Le persone mi erano sempre state incomprensibili e andare nel posto in cui stavano ammassate non migliorò le cose: rumori e odori mi stordivano, il tocco della gente non era maggiormente benvenuto. Mi chiesero cose che non volevano, mi dissero parole che non pensavano, mi imposero regole che non capivo. C’erano troppe espressioni, troppi gesti, troppi segnali, troppi non detti e segreti che tutti sembravano leggere con l’immediatezza con cui io leggevo la foresta. Per un po’ ci provai a indossare le scarpe, sorridere, parlare, ballare: sembrava l’unico modo per avere sollievo e per poter servire la Dea tra le persone.
Ebbi perfino un uomo, una notte d’estate, sdraiata tra i campi spogli di grano: fu l’istinto a spingermi verso di lui in un breve e furioso amplesso. Non capii perchè, mesi dopo, tornò da me, penitente e in lacrime e mi pregò di perdonarlo. Doveva avere a che fare con il bambino che avevo dentro di me e le voci che le donne per cui preparavo infusi avevano sparso in giro. Quelle stesse donne mi fecero indossare un abito bianco e io e l’uomo ci tenemmo per mano davanti a tanta gente. Erano tutti così felici ed io mi inorgoglii perchè era il mio compito far star bene la comunità e finalmente ci stavo riuscendo, anche se non sapevo bene nè come, nè perchè. Non capii perchè, dopo la festa, dovetti andare a vivere nella casa dell’uomo, abbandonando il mio rifugio ai margini della città. Non compresi perchè lui potesse avermi ogni notte, anche quando a me non importava, anche quando non volevo. Non seppi mai perchè non potevo assentarmi per giorni per seguire le mie faccende o semplicemente camminare nel bosco. Nessuno mi spiegò chiaramente perchè dovessi essere io a cucinare i suoi pasti e a lavare i suoi vestiti, quando normalmente lavavo la tunica, nella pioggia, e mangiavo quello che il bosco mi offriva. Mi lasciò completamente perplessa la sua furia nel vedermi tornare a casa, un mattino, con cacciagione fresca nella mia bisaccia. 

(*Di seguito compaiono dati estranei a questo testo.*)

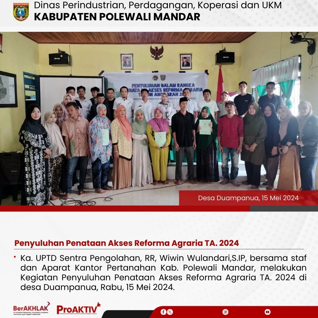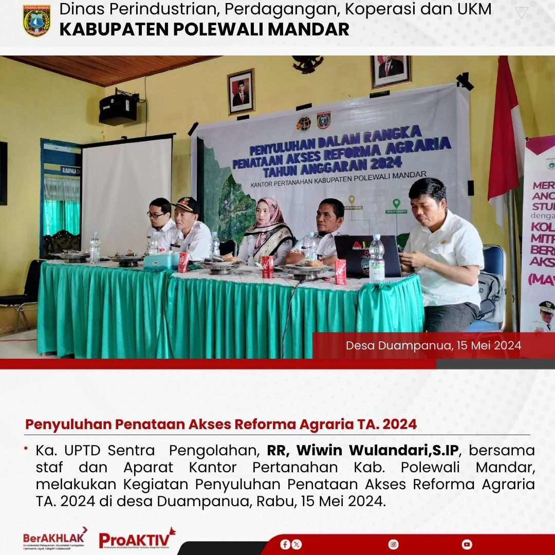 Kepala Dinas Perindustrian, Perdagangan, Koperasi dan UKM Kabupaten Polewali Mandar, Andi Chandra Sigit, ST., M.A.P beserta Kepala Bidang Koperasi, Nabil Wijdan Al Hamdani, S.STP. M.Si menghadiri undangan Rapat Konsolidasi Koperasi Desa Merah Putih yang berlangsung di Hotel Maleo pada tanggal 6 hingga 8 November 2025. Kegiatan ini dilaksanakan dalam rangka memperkuat koordinasi dan sinergitas antar lembaga dalam pengembangan sektor koperasi dan usaha kecil menengah di daerah....

Perchè l’uomo voleva  che restassi prigioniera nella sua casa, se non gli andavo bene come compagna? Non è così che funziona tra gli animali, non è così che funziona la natura. Il cucciolo, poi, non era ancora nato, che senso aveva preparare la tana prima del tempo?

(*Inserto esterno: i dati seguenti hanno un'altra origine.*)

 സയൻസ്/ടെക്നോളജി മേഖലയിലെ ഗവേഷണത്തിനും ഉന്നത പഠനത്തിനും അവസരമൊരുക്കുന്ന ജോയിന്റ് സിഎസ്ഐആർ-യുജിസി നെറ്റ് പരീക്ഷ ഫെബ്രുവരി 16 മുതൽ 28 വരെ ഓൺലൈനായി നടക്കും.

Ero sempre appartenuta alla terra parte di una coralità, di un disegno, di un tutto. Scoprii l’individualità, scoprii l’appartenenza, scoprii la lontananza e la solitudine. Non mi sentivo più parte di niente, nè degli uomini nè della natura: il canto delle stagioni si era attutito e non potevo più ritirarmi nella foresta per sfuggire alla confusione perchè le foglie, la corteccia e i sassi mi avevano preso a sembrarmi tutte uguali. Questo mi feriva più di quanto riuscissi ad esprimere. Avevo bisogno di dormire di più, avevo bisogno di un posto caldo e di cibo nutriente: avevo paura e mi dimenavo come una volpe in una tagliola.

Appartengo alla terra e ci tornai, lasciandomi dietro urla pianti e maledizioni una volta data alla luce la mia bambina, accovacciata nella terra umida dei campi appena arati.

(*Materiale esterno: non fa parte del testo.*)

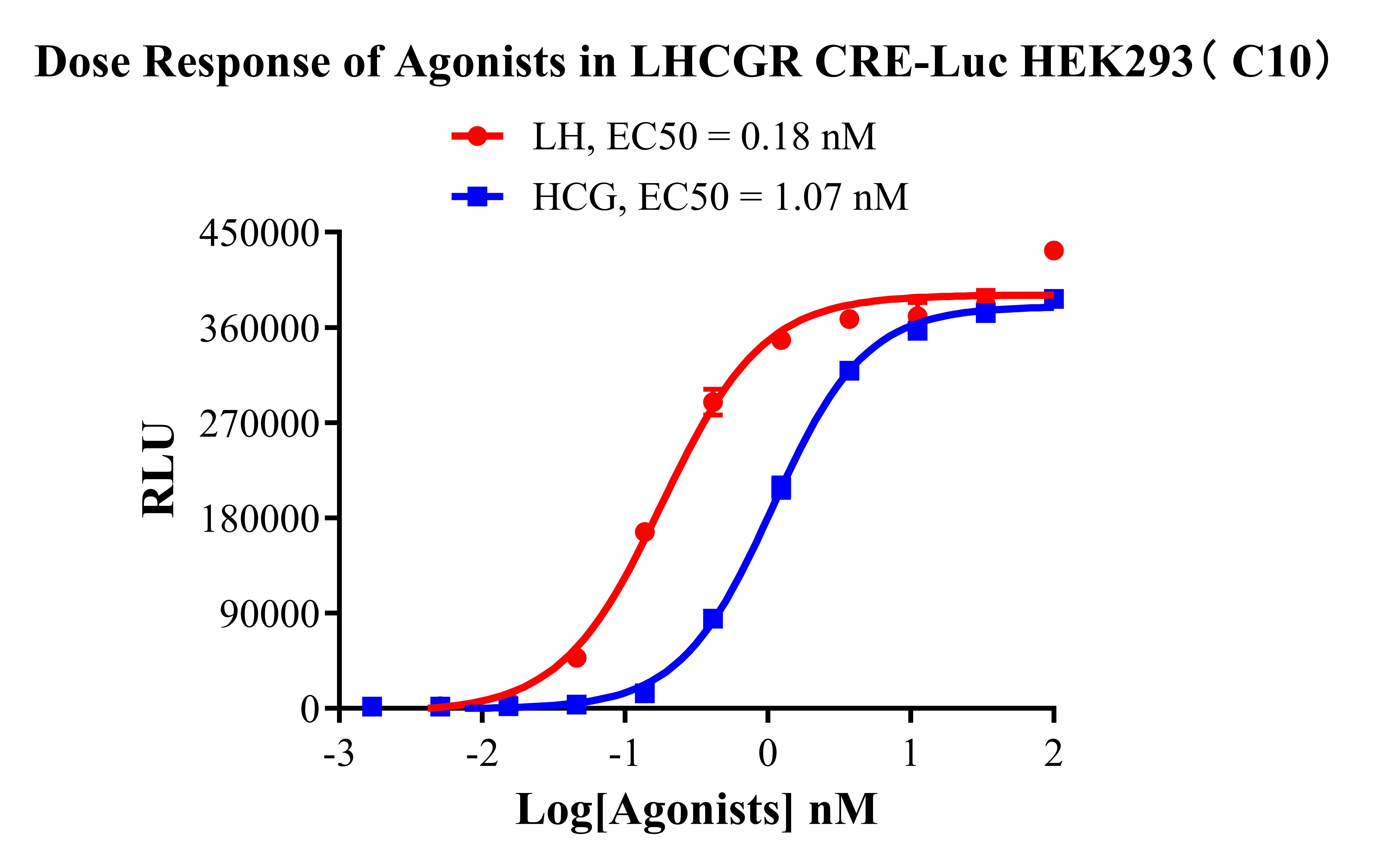 Figure 2. Detect Luciferase assay by Ultra Luciferase Detection Kit CBPH0001(we strongly suggest to purchase from Cobioer). Dose Response of Agonists in LHCGR CRE-Luc HEK293(C10).

Note: mi hanno fatto notare che è sempre più difficile capire di chi sto scrivendo e cosa c'entra con i personaggi precedenti perciò farò un breve riassunto chiarificatore. La regina sacerdotessa protagonista di "quello che ho perso" è sia la madre della principessa di "fame" (che è la gemella reintrodotta a corte) e sia della sacerdotessa di questa ultima oneshot (la gemella data via al culto della Dea). A sua volta la principessa di "fame" è la madre del re. Avrei dovuto sottolinearlo di più immagino, ma il re dice di ispirarsi a una madre che ciba i più sfortunati e un padre che è spesso in guerra e speravo bastasse; lui, comunque, non ha mai saputo che non erano gesti dettati dal puro dall'altruismo. La gemella di "appartengo alla terra" può e non può (lo lascio decidere a voi) essere la madre della strega di "strega", il che farebbe di lei la cugina del re e della figlia dell'inverno la cugina di secondo grado. Spero sia più chiaro ora.